More I write about these hacks and hacks-over-hacks, more I want to
rewrite the button event handling completely in a straightforward way
(translating system WM_LBUTTON to ButtonPress-1, etc. - without state
change tracking). What stops me now is that I'm unable to implement
the same thing on MacOSX branch, so I'd have to keep both code paths
working ("click-translation" for Win32 and probably X11, and "state
tracking" for MacOSX). I'd be grateful for your advice.
Maybe you know some Tk developer who is an expert on MacOSX: then
we should probably discuss the issue together.

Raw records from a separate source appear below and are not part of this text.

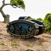 The first Chyweethls clattered into service in the late 1640s, and some form of the venerable machine has served under the Coftyran Mechanical Corps' banner ever since. While the modern Chyweethl shares little with its early ancestors beyond its hunched silhouette and signature chained-pedrail system, its lineage is unmistakable. Over 140 years, it has seen seven major revisions and untold minor adjustments - each one a tinkerer's fingerprint on Coftyr's armored doctrine. True to Coftyran design philosophy, the Chyweethl eschews a turret entirely, instead channeling its mass into a heavier main gun. This trade-off demands remarkable coordination from its crew; the driver, commander, and gunner must train together tirelessly, as the limited gun traverse means the driver must delicately "steer" shots into place by feathering the throttles. Though the chained-pedrail grants impressive traction and rugged cross-country resilience, it loathes paved roads - just a few miles on smooth stone can chew through the pedrails and scar the track. As a result, redeploying Chyweethl-equipped units over long distances remains a logistical headache - one more quirk in a machine full of them.
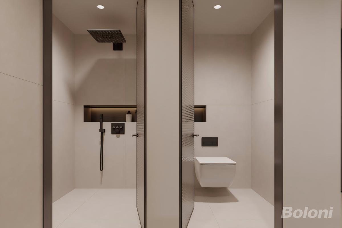 以黑白灰中性色系为主,采用哑光深灰柜体、浅灰墙面、白色地砖,营造简洁克制的视觉效果;无主灯设计(嵌入式筒灯)与大窗户的自然采光结合,强化空间通透感,体现现代极简 “少即是多” 的核心逻辑。
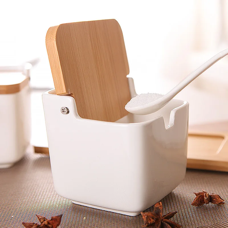 Кухонный керамический контейнер для соли, банки для перца с крышкой, ложка фарфоровая шкатулка, Бамбуковая крышка, полка для приправ
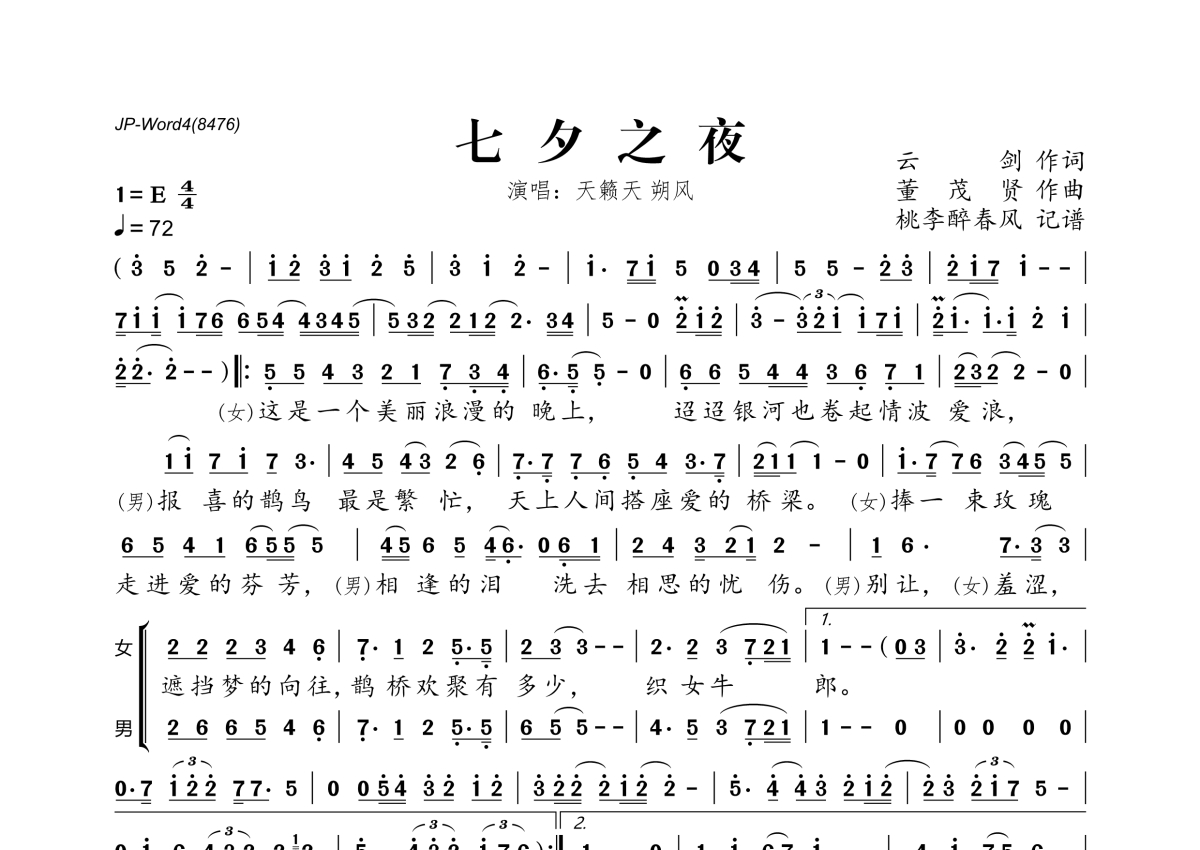 《七夕之夜》是天籁天&朔风演唱的一首歌曲,拍号为4/4拍,歌曲速度为每分钟72拍,这份简谱共有一张高清图谱,图谱由 @桃李醉春风 编配上传。

P.S. WM_NC* handling code is someway related to context-help: when a widget is clicked in the "question-mark mode", it's a non-client click event, too. Thus when the WM_NC* code is present, the context-help click is naturally absorbed (only a button release is passed on, as in all other cases). Without WM_NC* handling, context help click would cause a spurious click event in addition to <<Help>> event.

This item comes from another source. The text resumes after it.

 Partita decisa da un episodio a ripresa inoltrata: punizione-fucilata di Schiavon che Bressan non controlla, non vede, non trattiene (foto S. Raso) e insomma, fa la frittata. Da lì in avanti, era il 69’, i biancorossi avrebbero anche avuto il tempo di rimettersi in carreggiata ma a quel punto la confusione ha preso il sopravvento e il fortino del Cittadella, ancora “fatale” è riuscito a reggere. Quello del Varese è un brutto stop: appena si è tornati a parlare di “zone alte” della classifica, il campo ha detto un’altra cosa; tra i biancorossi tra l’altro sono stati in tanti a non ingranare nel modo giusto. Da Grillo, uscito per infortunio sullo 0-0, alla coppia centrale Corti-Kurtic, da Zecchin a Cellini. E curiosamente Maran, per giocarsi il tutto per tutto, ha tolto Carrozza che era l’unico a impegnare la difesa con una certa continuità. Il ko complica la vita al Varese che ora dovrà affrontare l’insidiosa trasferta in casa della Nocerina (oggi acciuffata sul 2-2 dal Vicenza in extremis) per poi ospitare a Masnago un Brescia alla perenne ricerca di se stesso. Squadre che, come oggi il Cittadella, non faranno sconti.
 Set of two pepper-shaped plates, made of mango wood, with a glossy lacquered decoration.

Ahh. That makes sense -- it must have been the non-client click handling that was missing when I tested out your context-help patch a year or two ago.
That zoomed test is interesting. I happen to be using Linux at the moment and doing that on X11 does not generate any button events. So it looks greatly like the pointer handling that Tk uses while it makes sense using X11's pointer event model is not a close fit to how Windows manages things.

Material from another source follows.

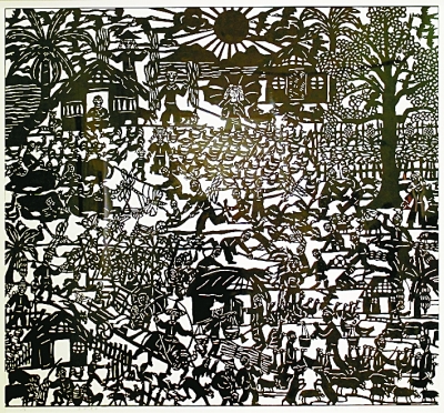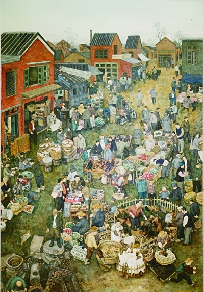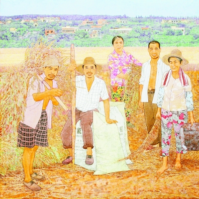 藍(lán)天之下,郁郁蔥蔥的遠(yuǎn)景中,新民居錯落分布,相隔金黃色的稻浪,前景聚焦于中國社會最本色的農(nóng)村收獲場景,將一年中最重要的時段濃縮在喜悅的瞬間,反映了作者濃郁的鄉(xiāng)土情感和人文關(guān)懷。作者營造的世界有著電影鏡頭般的形式構(gòu)成和形體塑造,表現(xiàn)出了繪畫的當(dāng)代性。

The two people who know the Tk internals best are das (for all things MacOS) and jenglish (for X11).
New button handling + (contexthelp,shadow) as two patches
Hello,
I'm attaching tk-patches-lbs-chelp-shadow.zip, an archive containing two patches: 00-tk-logicalbuttons.diff and 10-tk-chelp-shadow.diff (functionally depending on the first one).
I took a new approach to mouse button status (for win32), and that enabled me to fix spurious clicks at once, _without_ need to handle non-client messages and to account for some obsure cases (like a foreing, e.g. notepad.exe, window closed by double-click while its LT corner is over Tk application). This new approach also leaves cross-platform code mostly alone, touching mostly mswindows-specific parts of Tk.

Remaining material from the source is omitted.